Wednesday, 2 November 2016

Day 18 - 2nd November


We left Vicksburg just before 9am and headed for Jackson Mississippi.  Jackson is where the home of Medgar Evers is located. He was a prominent civil rights activist and worked for the NAACP (National Association for the Advancement of Coloured People).  One night in June 1963, he had arrived home and was taking some protest t-shirts out of his car when he was shot in the back by a white supremacist, Byron de la Beckwith. He died shortly after, and the home has since been preserved as a memorial to him, and the civil rights movement. Although tours of the home have to be arranged, we just wanted to drive up and see the house.

The area has changed quite a bit since the shooting as houses have been built all around the street now, whereas at the time the area opposite the house where the shooter lay in wait was all open ground and trees & bushes.

We stood there for a few minutes, and after a short interval an African-American woman drove up & asked us if the house was open for tours. We replied not and got chatting and were soon telling her about our trip and plans. She was very friendly and asked if we were on Facebook and we soon swapped friend requests!

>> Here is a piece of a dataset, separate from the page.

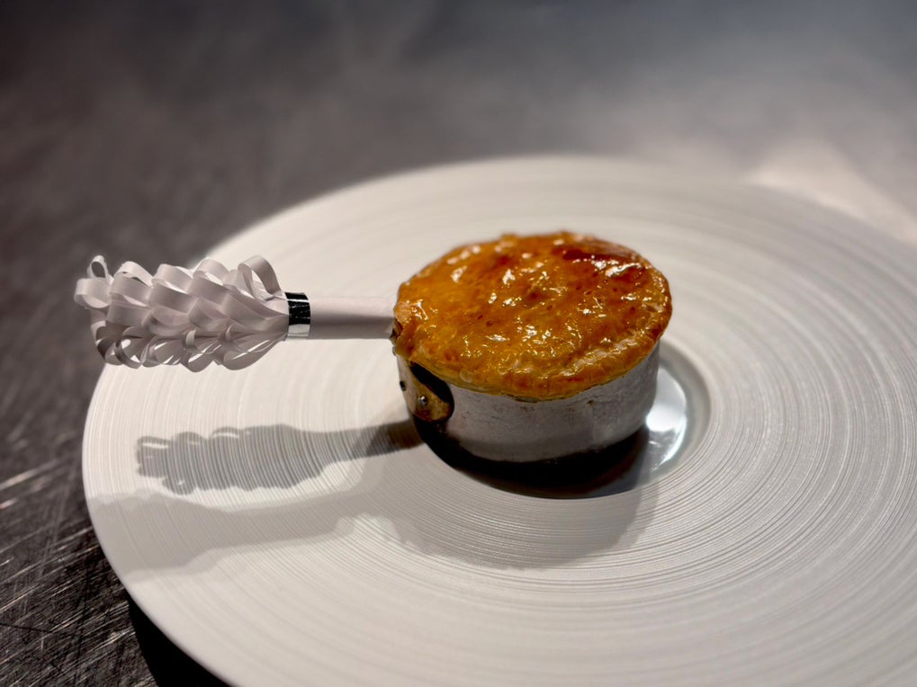 赤酢の香りとともに旨みを引き立てた『鹿児島黒牛炙り寿司』とまろやかな脂をトロたくで包み込んだ『佐賀牛巻き寿司』、尾崎牛の旨みをぎゅっと閉じ込めて香ばしく揚げた贅沢な『尾崎牛のミニコロッケ』、短角牛をじっくり煮込み、旨みを閉じ込めた贅沢なシチューをサクサクのパイ生地で丁寧に包んだ、豊かな香りと濃厚な旨みが広がる『黒毛和牛のシチュー パイ包み焼き』など、この日限りのコースをご用意いたしました。

Following that we headed into Jackson’s main street over roads that could only be described as terrible. Cracked concrete, huge potholes and sharp ‘ridges’ were everywhere and we felt a four wheel drive would have been a better option.

There wasn’t much to choose from in central Jackson ( I suspect most of the retail is now in the outer suburbs), so we had a late breakfast (or early lunch) at a local café and then headed on our way to Selma.

Selma was picked as it was the site of a protest march following a police shooting of a black youth (sounds eerily familiar) in 1965 where approx.. 600 protesters tried to cross the Edmund Pettus bridge. They were beaten back by the police but these images were captured on photo’s and on film and led to such an outcry that President Johnson gave the marchers federal protection and a later march went all the way from Selma to Montgomery, the state capital.

However we’d decided to stop at what was billed as a ‘Slavery & Civil Rights’ museum ( “Number 9 thing to do in Selma” according to trip advisor !) and as we arrived we saw it was very close to the bridge. However the museum was actually “Enslavement & Civil War” and was run by a character called Annie Pearl Avery, in her 70’s now, who was an actual civil rights activist. She greeted us by telling us she was a living legend, and have we got wi-fi? Yes? Well these you can google me, go on, check me out! The museum was in a non-descript building (“see that red dust? That’s from the bricks crumbling. That’s what Home Depot told me”) and was more like a collection of artifacts and copies of documents assembled by an enthusiast, rather than a ‘proper’ museum per se. She was focused on trying to connect the African-American history back to Egypt (or ‘Kemet’ as she believes it should be called) so spent a bit of time taking us through this theory. She then left us to it and we wandered through some rooms, accompanied by an escort of small biting insects (insect repellent had to be applied).

She insisted on starting a DVD while we were looking around (in another room, which another couple were compelled to watch). We watched the last few minutes of it, but then she insisted on starting the next chapter whereupon we tried to sneak out (we couldn’t divert here attention to say goodbye). However she was too fast for us and as we were sitting in the car (we’d parked right outside the door) , she opened the door and saw us! However the other couple saw the chance to make their escape as well so after some selfies with her ( before you go, do you want a picture with me? Yes?”) we made our escape out of there. We drove back to the main street and walked up to the bridge, took some photo’s and then got in the car and headed off to Montgomery where we parked for the night.